I left this post open, so let's close it.
In my specific case, the bottleneck actually turned out to be upstream from the K8S Pod, at the Database. The postgres instance simply wasn't big enough, and was peaking at 100% CPU usage and causing downstream timeouts.
I suspect, but am not certain, that the CPU leveling out on the Pods was simply because the Pods were waiting for response from upstream, and couldn't go about 1 CPU usage because there wasn't anything else for them to do.
Additionally, the Django instances are using Django channels and the ASGI asynchronous model, which is single threaded, and doesn't have the same "child thread" model as UWSGI; another reason -- or maybe the actual reason -- that the CPU usage on the Pod maxes out at 1CPU.

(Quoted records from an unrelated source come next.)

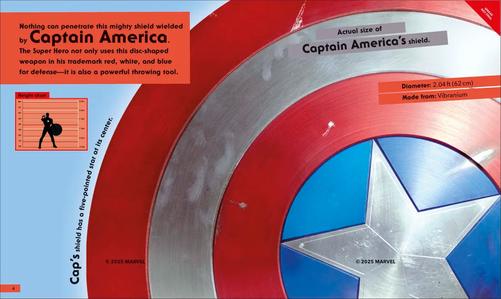 A striking visual guide that shows young MCU fans the sizes of their favorite heroes, villains, and props!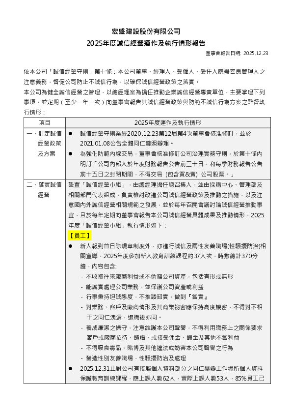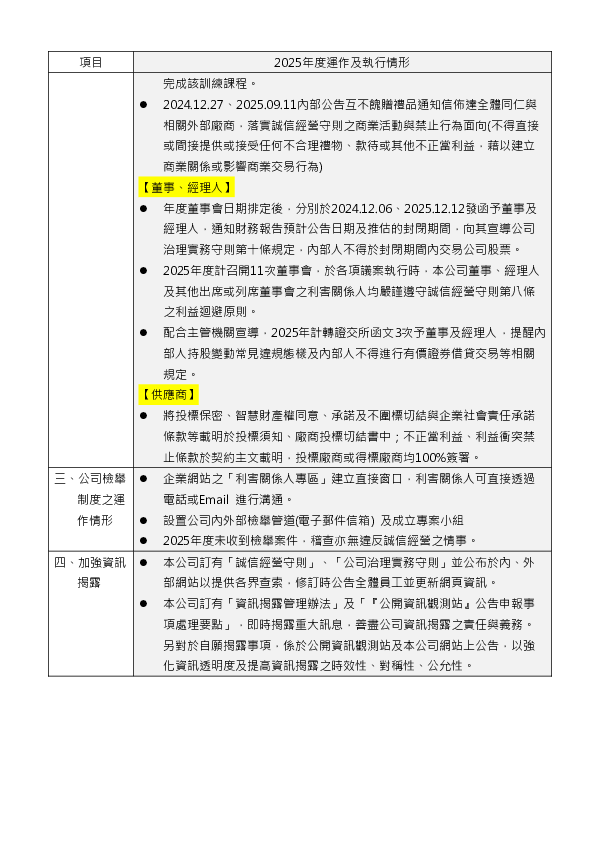 2025年度誠信經營專職單位運作及執行情形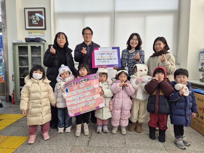 기부금은 우리누리어린이집 원아들이 나눔의 가치를 실천하기 위한 바자회 행사를 통해 마련한 수익금으로, 추운 겨울 경제적 어려움을 겪고 있는 취약계층을 위해 사용될 예정이다.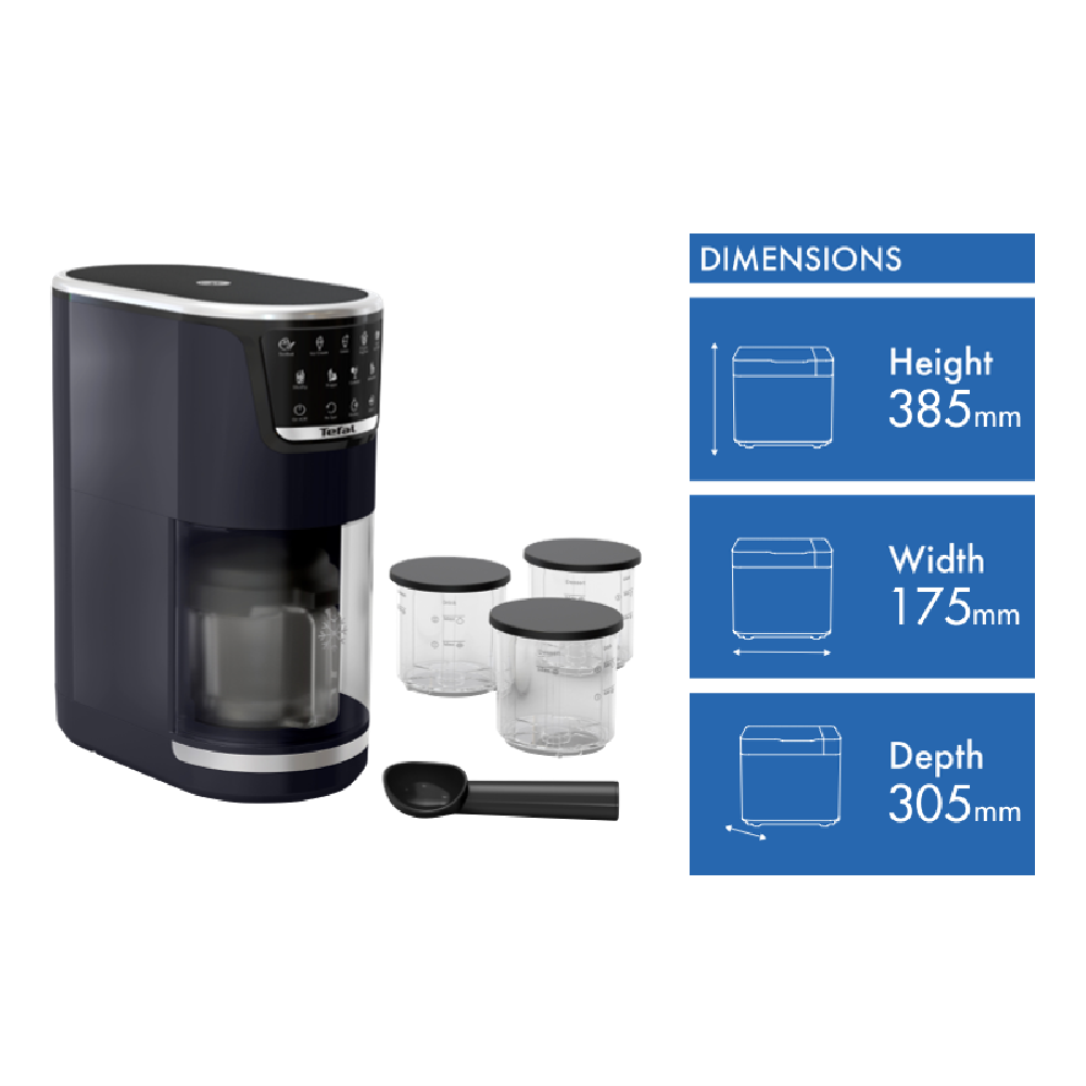Additional Features Unique 1-Step Perfector technology ensures perfect results in one shot—for smooth and creamy results with no need to re-spin, Dedicated programme to add toppings, Digital recipe book with 50 ideas to get started, Full access for cleaning to every part in contact with food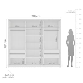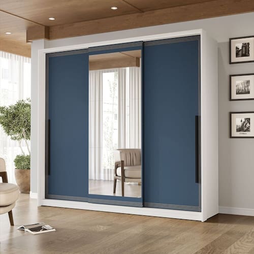 O guarda-roupa 3 portas 4 gavetas da linha Valência, da Politorno Móveis, é ideal para quem busca espaço, praticidade e sofisticação. Com 200 cm de altura, 220 cm de largura e 44,5 cm de profundidade, oferece ampla capacidade de organização para roupas, calçados e acessórios. As portas de abrir proporcionam fácil acesso, enquanto as 4 gavetas, com corrediças telescópicas, garantem deslizamento suave e preciso. Fabricado em MDP/MDF com acabamento em pintura UV e FF, é resistente e durável. O espelho embutido agrega sofisticação ao móvel, enquanto os puxadores externos e detalhes usinados completam o visual elegante, tornando-o perfeito para um quarto funcional e sofisticado. Acabamento da Prateleira: Pintura UV Escala de Brilho da Prateleira: Semi-Fosco Acabamento da Gaveta: Pintura UV Escala de Brilho da Gaveta: Semi-Fosco Material do Puxador da Gaveta: MDF Possui Organizador de Gaveta: Não Acabamento da Porta: Pintura UV Escala de Brilho da Porta: Semi-Fosco Material do Puxador da Porta: MDF Acabamento dos Pés: Finish Foil Altura do Espelho: 143 cm Altura dos Pés: 0,37 cm Altura Máxima dos Pés: 0.3700 Ambiente Principal: Quarto codigo_ean: 7900288116673 Complexidade da Montagem: Média: pode ser montado por mais de uma pessoa e/ou necessite de maior conhecimento para montagem Cor: Branco/Azul Cor do Produto: Branco/Azul Cor do Puxador: Preto Cor Interna: Branco Escala de Brilho: Semi-Fosco Espessura da Estrutura (mm): 15 mm Espessura das Portas (mm): 15 mm Espessura das Prateleiras (mm): 15 mm Espessura do Espelho: 3 mm Espessura do Fundo (mm): 3 mm Espessura do Fundo das Gavetas (mm): 3 mm Fita Integrada: Sim Formato do Espelho: Retangular Gaveta com Chave: Não Itens Inclusos: 1 Guarda-Roupa, Kit de Ferragens, Manual de Montagem e Termo de Garantia Largura do Espelho: 56 cm Linha ou Coleção: Valência Manual de Montagem e Instalação: https://product-hub-prd.madeiramadeira.com.br/984463/documents/1950a149-4565-4d52-aaea-f55e706390602806906622417440517835224.pdf Marca: Politorno Material da Gaveta: MDF/MDP Material da Porta: MDF/MDP Material da Prateleira: MDF/MDP Material dos Pés: MDF Material Principal: MDF/MDP modular: Não Necessita Montagem: Sim Origem do Produto: Nacional Peso: 130,19 kg Peso Máximo por Gaveta: 5 kg Peso Máximo por Prateleira: 10 kg Possui Calceiros: Não Possui Espelho: Sim Possui Pés: Rodapé Possui Portas: Sim Possui Prateleiras: Sim Produto Montado: Sim Quantidade de Espelho: 03 Espelhos com Tamanhos Iguais Quantidade de Gavetas: 04 Gavetas Quantidade de Portas com Espelhos: 1 Porta com Espelho Quantidade de Prateleiras: 05 Prateleiras Recomendações de Uso, Manutenção e Limpeza: Utilize um pano macio umedecido com água e sabão neutro, seguido de pano seco. Não utilize produtos químicos ou abrasivos para limpeza, pois estes danificam o revestimento do móvel. Sapatas Niveladoras: Não Sistema de Montagem: Cavilha, Parafuso, Minifix e prego Tipo de Corrediça da Gaveta: Metálica Telescópica Tipo de Dobradiça/Corrediça da Porta: Alumínio Tipo de Fixação do Espelho: Fita Dupla Face Tipo de Gaveta: Interna Tipo de Guarda-Roupa: Casal Tipo de Puxador da Gaveta: Externo Tipo de Puxador da Porta: Externo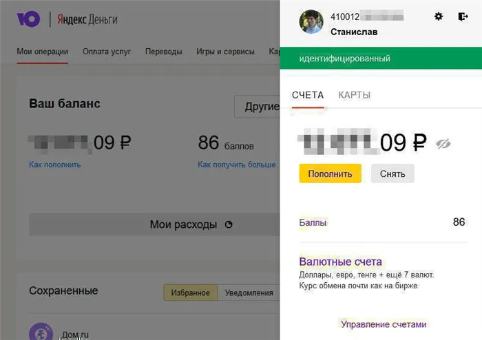 - кошелек, в котором вы можете хранить свои деньги. Без идентификации — до 15 тысяч рублей, после упрощенной идентификации Госуслуг — 60 тысяч рублей, после полной идентификации (Мегафон, Контакт, Связной или их собственные офисы) — до 600 тысяч рублей,

So I'm pretty sure the correct way to scale this up is to
- Vertically scale Postgres
- Increase the baseline number of Pods
- Lower the autoscaler (HPA) threshold to scale up and add new Pods
EDIT: Additional information
The issue also has to do with the way the app itself is designed. We are trying to use Django Channels asynchronous python and running htat in a Daphne ASGI container; however, not all of the app is async, and apparently, that's Bad. I did a lot of research into this async vs sync application proplem and resulting deadlocks and while I'm having the dev team redesign the app, I also redesigned the deploy
- Add a uWSGI server to the deployment
- Deploy codebase into two Deployments/Pods
- One has the ASGI Pod
- One has the uWSGI Pod
- Route all ASGI endpoints (there's only one) to the ASGI pod in the Ingress Path rules
- Route all uWSGI endpoints to the sync Pod in the Ingress Path rules
This works; however, I don't have full load testing done yet.